(Given data Opens)
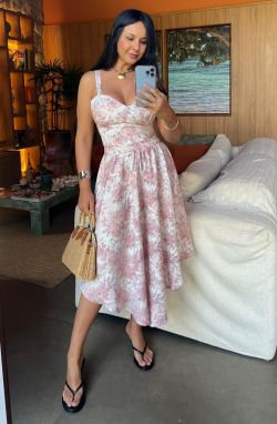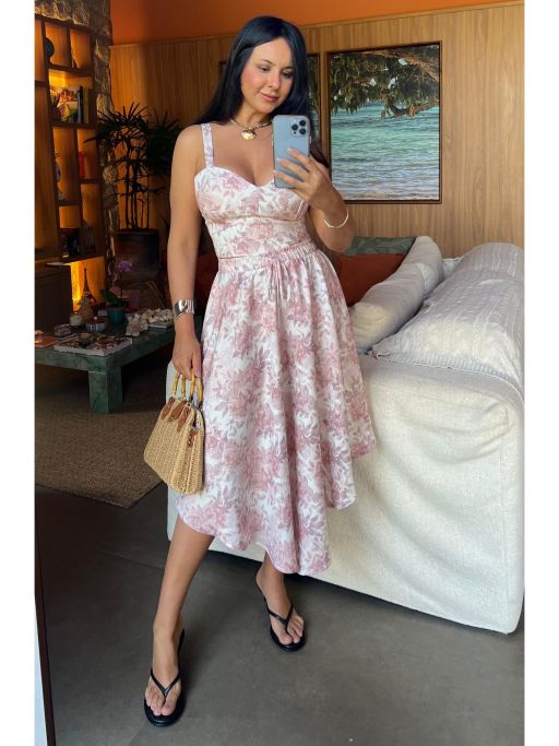 Saia Flora, uma fluidez incrível nessa viscose estampada de cair o queixo! Olha os elementos da estampa, até cajuzinho tem, demais né.
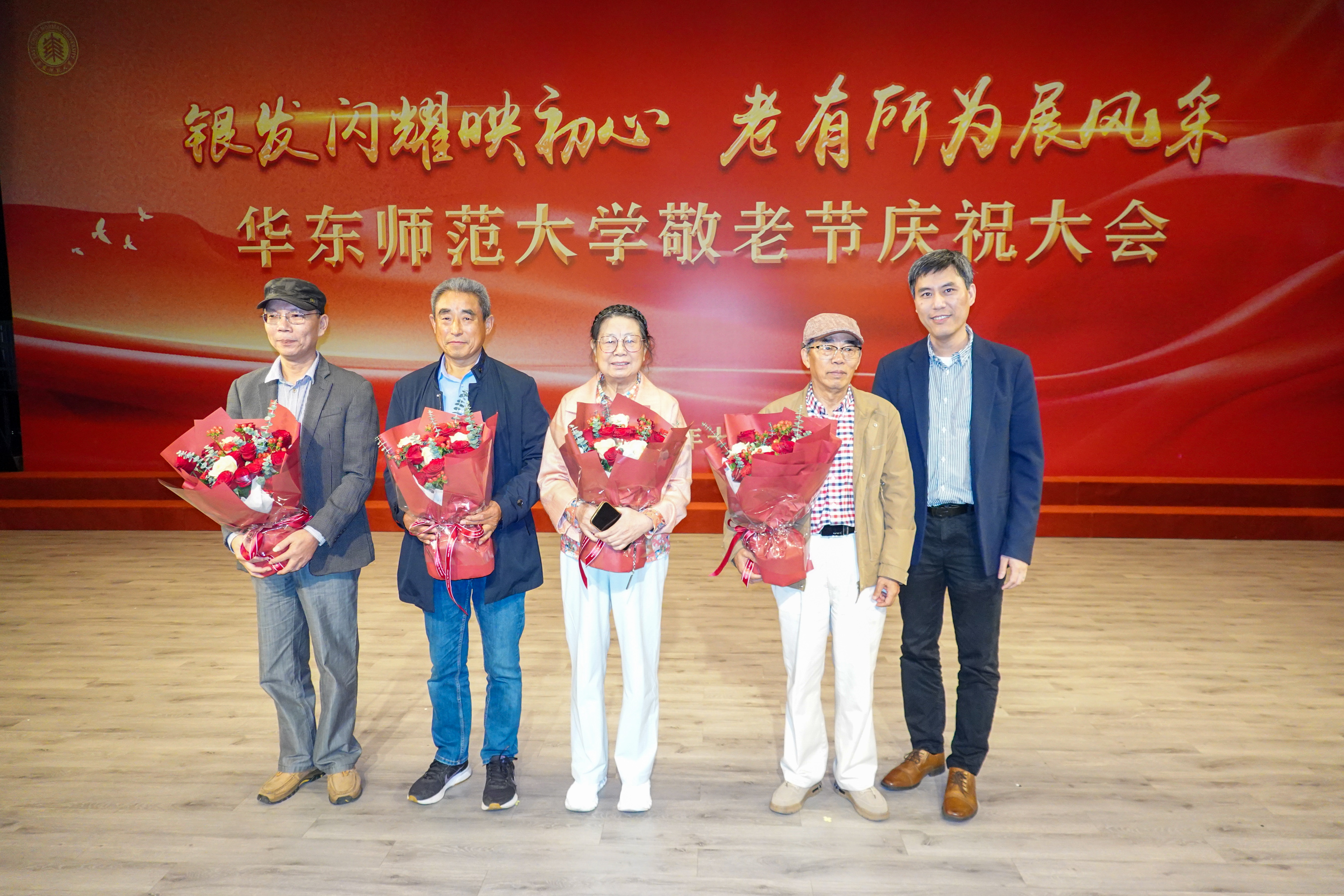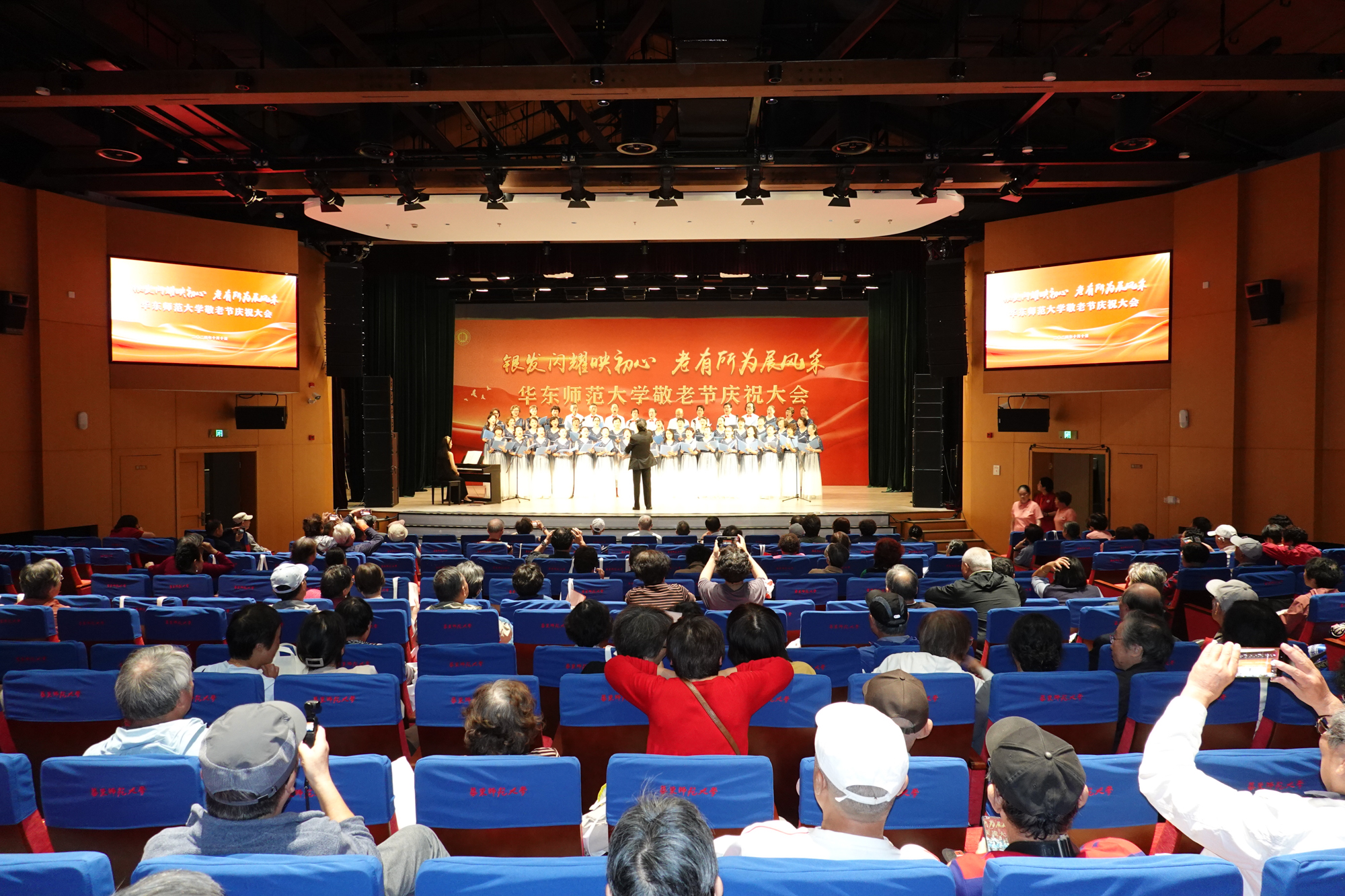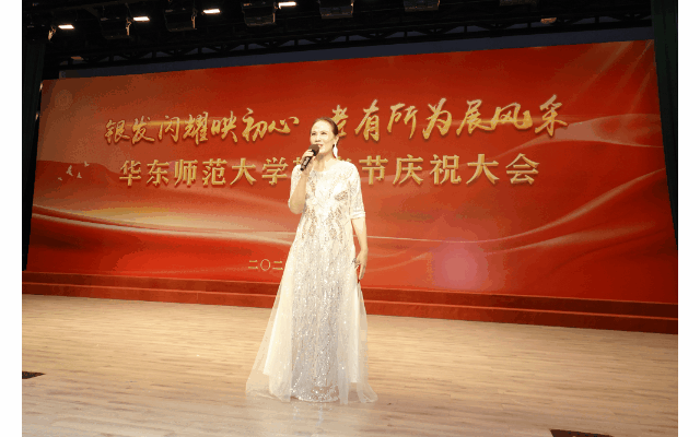 庆祝大会上,全校离退休及师生文艺团体为敬老节倾情献演,文艺汇演由华东师大老年艺术团团长李小英老师主持。老年艺术团舞蹈队、朗诵队、合唱队,老年大学越剧班、时装表演班,教工太极拳协会,学生艺术团,体健学院健美操队,附属小学舞蹈队等团体,为现场及线上观看的离退休教职工献上精彩的文艺演出。
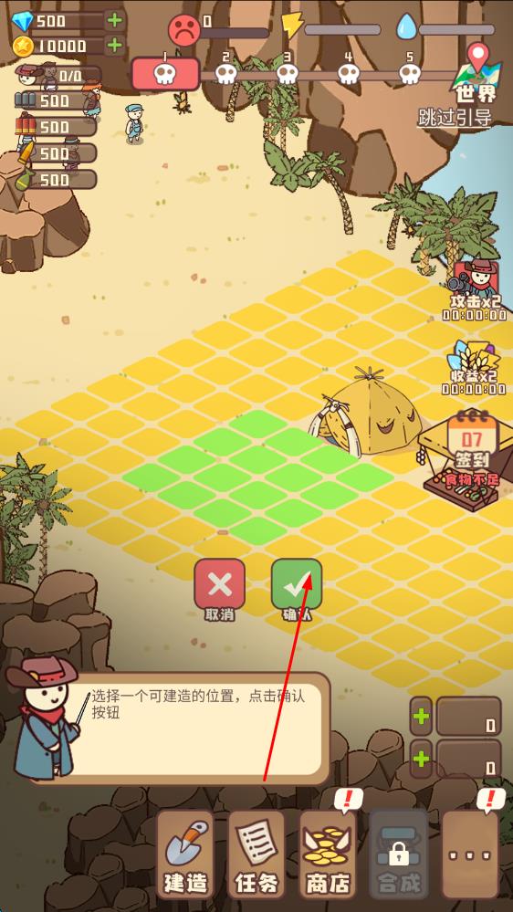 1、進(jìn)入游戲后,點(diǎn)擊“建造”按鈕開啟村莊建設(shè),優(yōu)先建造營帳提供住宿、蒸汽發(fā)電機(jī)保障能源,在沙盒方格中規(guī)劃布局,確保建筑位置合理,為后續(xù)發(fā)展奠定基礎(chǔ)。
(Given data Closes)
• **Try it**:
Print the material in full and exactly; the pictures must not be printed.

• **Answer for the task**:
 Saia Flora, uma fluidez incrível nessa viscose estampada de cair o queixo! Olha os elementos da estampa, até cajuzinho tem, demais né.
 庆祝大会上,全校离退休及师生文艺团体为敬老节倾情献演,文艺汇演由华东师大老年艺术团团长李小英老师主持。老年艺术团舞蹈队、朗诵队、合唱队,老年大学越剧班、时装表演班,教工太极拳协会,学生艺术团,体健学院健美操队,附属小学舞蹈队等团体,为现场及线上观看的离退休教职工献上精彩的文艺演出。
 1、進(jìn)入游戲后,點(diǎn)擊“建造”按鈕開啟村莊建設(shè),優(yōu)先建造營帳提供住宿、蒸汽發(fā)電機(jī)保障能源,在沙盒方格中規(guī)劃布局,確保建筑位置合理,為后續(xù)發(fā)展奠定基礎(chǔ)。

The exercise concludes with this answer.